**Exercise aim:** For the entries below, return every line from the top through the line with "Kontenerek wyposażono w" exactly as it stands, omitting pictures.

***** Dataset entries *****

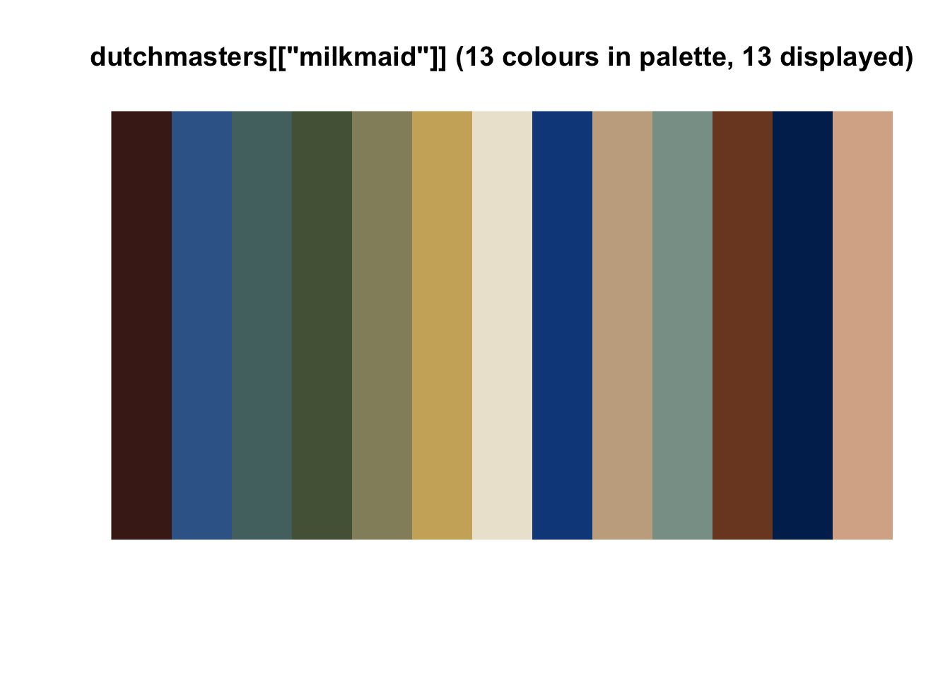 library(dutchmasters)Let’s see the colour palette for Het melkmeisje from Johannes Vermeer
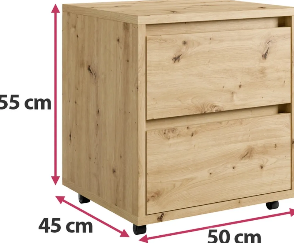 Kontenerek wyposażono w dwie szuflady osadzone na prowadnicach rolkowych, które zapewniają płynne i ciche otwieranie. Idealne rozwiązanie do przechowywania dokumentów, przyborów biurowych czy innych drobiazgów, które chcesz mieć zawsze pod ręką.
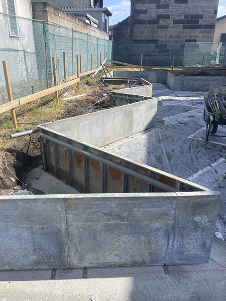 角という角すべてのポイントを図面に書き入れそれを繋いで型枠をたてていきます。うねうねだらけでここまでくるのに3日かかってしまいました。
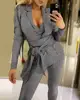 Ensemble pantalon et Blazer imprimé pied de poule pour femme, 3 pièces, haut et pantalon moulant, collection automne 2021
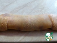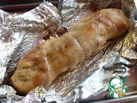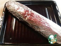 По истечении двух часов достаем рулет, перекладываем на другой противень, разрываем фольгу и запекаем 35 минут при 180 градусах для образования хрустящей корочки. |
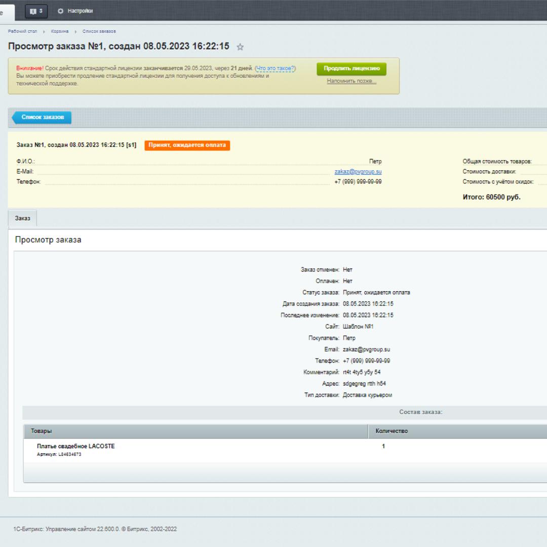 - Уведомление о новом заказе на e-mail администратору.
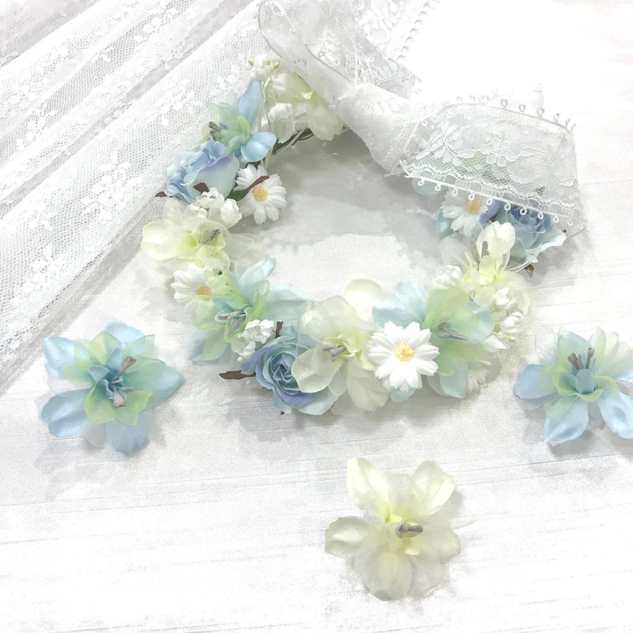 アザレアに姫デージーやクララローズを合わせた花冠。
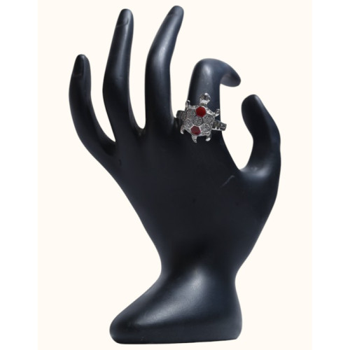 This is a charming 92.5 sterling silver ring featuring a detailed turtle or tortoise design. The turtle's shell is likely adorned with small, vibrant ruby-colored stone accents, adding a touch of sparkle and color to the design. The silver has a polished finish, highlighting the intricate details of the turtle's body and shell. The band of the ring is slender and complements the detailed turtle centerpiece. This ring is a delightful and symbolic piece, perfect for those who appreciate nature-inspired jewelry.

*****

**Written answer:**
 library(dutchmasters)Let’s see the colour palette for Het melkmeisje from Johannes Vermeer
 Kontenerek wyposażono w dwie szuflady osadzone na prowadnicach rolkowych, które zapewniają płynne i ciche otwieranie. Idealne rozwiązanie do przechowywania dokumentów, przyborów biurowych czy innych drobiazgów, które chcesz mieć zawsze pod ręką.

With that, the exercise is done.